Dendrow a drow ranger/rogue who was raised by drow hating elves to be a weapon used against the drow (Deity:Shevarash).

Jennavieve of the Clovenhearth a human ranger/cleric who has a hatred of shapeshifters, particularly Lyncanthropes (Deity: Gwaeron Windstrom).

Tenazer a human sorceror with a penchant for mind control and dominating his foes.

Mescel a human wizard with skills at defense and offense spells


The adventures will run them through various places noted in places like "Dungeon" also some adventures written up by the DM himself.

So keep your eyes peeled for their adventures in Faerun.

**Edit Note:  Added names and details**


----------



## Piratecat (May 17, 2002)

Xastalask said:
			
		

> *
> A drow ranger/cleric (Deity:Shevarash) who was raised by drow hating elves to be a weapon used against the drow.
> *




Cue gratuitous Drizzt comments!    I'm looking forward to the writeups.

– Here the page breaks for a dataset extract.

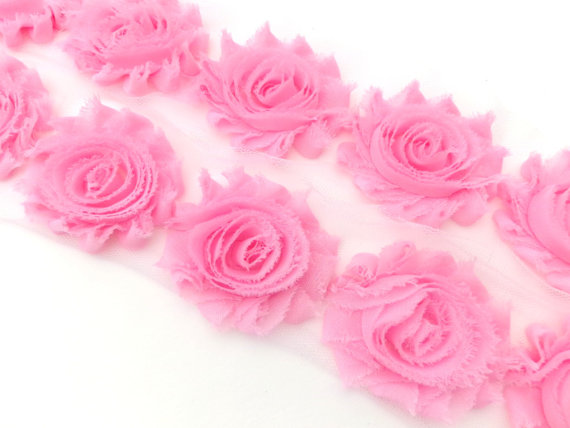 1/2 YARD Shabby Chiffon Flower Rosette Rose Trim in Pink

Hey, where in VT are you? I grew up in East Montpelier.


----------



## Xastalask (May 17, 2002)

Actually I am keeping all the big names of FR out. No Drizzt, Wulfgar, Elminister or anybody. No worries there 

I live in Rutland VT but will be moving to Boston area in a year.  I am orginally from Philadelphia.


----------



## Lazybones (May 17, 2002)

Always glad to see another FR story on the board.  Good luck with your write ups, and looking forward to seeing what your campaign has to offer.

LB


----------



## Rugger (May 21, 2002)

Oh sure....one of my players finally runs and does a story hour, making ME look bad! 

I think our crew are the ONLY Vermonter's on the boards, PC...

So for my long-awaited break from DM'ing (been going pretty well non-stop since 3E's release...through some mod'd Castle Greyhawk and finally into RtToEE, which we just finished) I will be playing Kakita Yoshiro, the lost Shou Psionic Warrior with a smidge of Monk....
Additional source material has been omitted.